Managing a company’s vehicle fleet can create vast amounts of information, writes Steve Pinchen. Unfortunately, this important task is often neglected even in larger fleets. A dangerous attitude, given that for many businesses the car fleet is second only to payroll in company expenditure. This neglect of fleet management and its delegation to the management periphery can mean insufficient administrative resources are allocated to it.

But help is available in the shape of software packages specifically developed to aid fleet managers in their daily administrative duties.

The software comes in many forms, from large mainframe systems (usually written in-house) which link with many other systems to form an integrated solution, to off-the-shelf PC software which is adaptable to any fleet and simple to use on most desktop computers.

One major headache for any accounts department is tracking and recording of business miles and vehicle list prices, where and when drivers have had what car. Software can retain this information throughout the financial year and provide the total benefit-in-kind calculation for each driver.

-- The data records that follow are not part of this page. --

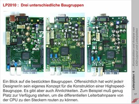 "Die Leiterplatte 2010" ist ein Referenzprojekt für die wohlüberlegte Entwicklung einer High-Speed-Baugruppe. Die Ergebnisse aus diesem Projekt sind hilfreich für das Konzept und die Planung einer anspruchsvollen Baugruppe, die wirtschaftliche und physikalische Bedingungen erfüllen muß.
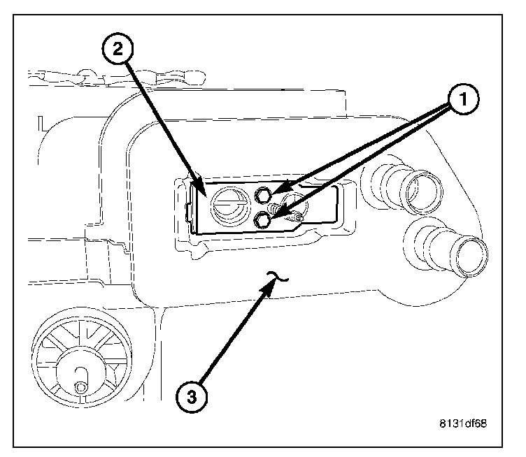 9. Remove the two bolts (1) that secure the A/C expansion valve (2) to the evaporator tube tapping block located within the foam seal (3).
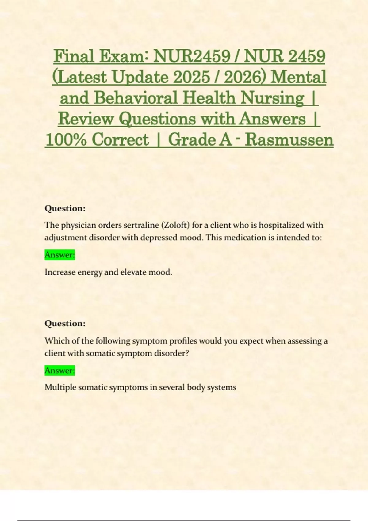 Final Exam: NUR2459 / NUR 2459 (Latest Update 2025 / 2026) Mental and Behavioral Health Nursing | Review Questions with Answers | 100% Correct | Grade A - Rasmussen

Some packages can also report on other taxable benefits, including mobile phones and private health schemes. The same software can also fulfill other legislative functions such as NIC calculations and the P46 (car) report – a list produced at least every quarter which details changes to the fleet, for example, new starters, leavers and change of vehicles.

Information on fuel and mileage can also be automated if the company uses fuel or agency cards to pay for fuel. Most if not all of these companies will provide this information electronically every month either instead of or as well as hard copy lists. The data is then imported into the package, giving not only fuel information but also mileage data, enabling easy calculation of fuel consumption. Rogue vehicles and/or drivers can also be highlighted along with replacement vehicle forecasts and budgeting information.

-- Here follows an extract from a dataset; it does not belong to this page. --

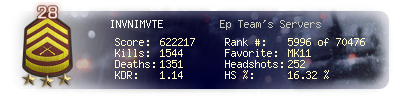 | Kill-streak | 14 | Death-streak | 12 | Team Kills | 0 |
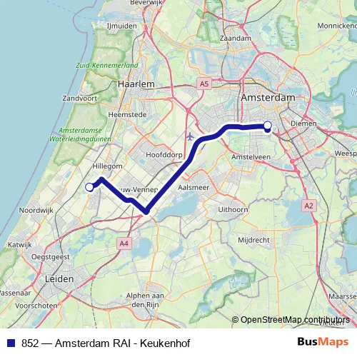 The first stop of the 852 bus route is Lisse, Keukenhof and the last stop is Amsterdam, Europaplein/Rai. 852 (Amsterdam RAI - Keukenhof) is operational during everyday.

Electronic data is not restricted to fuel. Servicing information can also be tracked in this way, while monitoring organisations such as CAP have begun providing list pricing and residual value data, giving expected sale prices and new vehicle options.

How to fund a fleet is a never-ending debate. Whether to buy, lease or contract hire vehicles is a constant discussion. The merits of each or a combination of all methods also allows room for more specialist packages which cater more closely for this.

Functionally, many software packages will provide the information sought.

What sets the best software apart is ease of use and cost. Most importantly, though is the level of advice and support which is provided to enable businesses to gain the most benefit from what can be a very useful tool in the battle to control company vehicle costs.

Steve Pinchen is sales manager of Fleetlease.